Bulgarian government plans staff cuts through merging public service departments

The Bulgarian government is launching a project with the World Bank as consultant to reduce the bloated public service administration by merging departments with the same functions.

The concept envisages the closure of numerous departments that deal with the same things and the establishment of centralised services.

Departments targeted for mergers include accounting, payroll, human resources, legal departments and IT units. If successful, the changes could lead to significant staff cuts and savings on salaries.

However, there are currently no forecasts or accurate estimates of how many state employees would be affected or precisely what the savings in state spending would be.

For its advisory services, the World Bank will be paid 2.4 million leva (about 1.2 million euro). The project will cost five million leva, with funding from the European Union’s good governance programme, the successor to the EU’s administrative capacity operational programme.

Deputy Prime Minister Tomislav Donchev said that currently, every department, even the smallest one, had its own accountants, lawyers, human resources managers and other activities that were the same for all the administrations.

“We are introducing the principle of shared services in the organisation and the work of the central administration,” Donchev said.

Two ministries will be chosen for pilot projects by the end of 2018, with the establishment of a centralised service for human resources and accounting for all their agencies and sub-agencies.

The contract with the World Bank on the pilot scheme was signed in early May by the caretaker administration of the time, headed by Ognyan Gerdzhikov.

It is envisaged that the World Bank will assess possible approaches to shared document flows, human resources management, finance and IT.
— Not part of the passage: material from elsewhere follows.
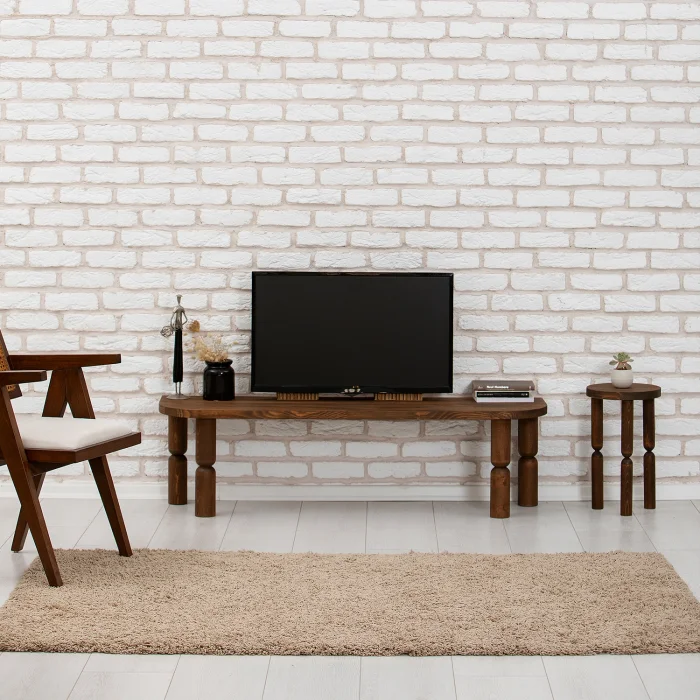 PRODUCT SIZES Width: 140 cm. Height: 40 cm. Depth: 35 cm. You can examine the detailed size of the product from our images. PRODUCT FEATURES • 100% natural solid wood is used. UV resistant colorant and water based ultra matte varnish are used throughout the product. • Since it is produced from 100% natural wood, direct sunlight and water contact should be avoided so that it does not change shape over time depending on the humidity of the environment and the way of use. • The product is suitable for indoor use. • It is harmless to the environment and children's health. Since it is a natural tree and each one is unique, there may be different vein images and color differences from what is seen in the photo. • The TV Stand is shipped disassembled. It is easily made ready for use. • It is domestic production with 100% domestic material.

There will be a review of at least five international practices for shared services in administrations, from which the Bulgarian government should choose which are the most suitable for implementation in this country.

Donchev said that by 2020, this approach should be applied to at least 10 administrations.

Recently, Menda Stoyanova, head of the Bulgarian National Assembly’s committee on the Budget, said that 30 per cent of the country’s public service employees were superfluous.

Donchev said that some of the officials from the services that would be shut down would be re-qualified and moved on to other posts.

According to the most recent report on Bulgaria’s public administration, in 2016 it employed a total of 132 648 people, plus 11 779 people that were not state employees. Compared with 2015, this was a reduction in the number of public servants of about 5000, however, 35 state and municipal structures had not reported their staff numbers.

The World Bank also will prepare an assessment of the management of recreational facilities owned by state and government departments. It is possible that the management of these also may be centralised.

“More than 100 recreational facilities are managed by the state administration, but they do not work well, they incur losses and the quality of their services is bad,” Donchev said.

One reason is that the earnings from these facilities goes to the central budget and the staff have no incentive to attract more guests. “This model will change, for example of a common model for bookings and reservations will be offered,” Donchev said.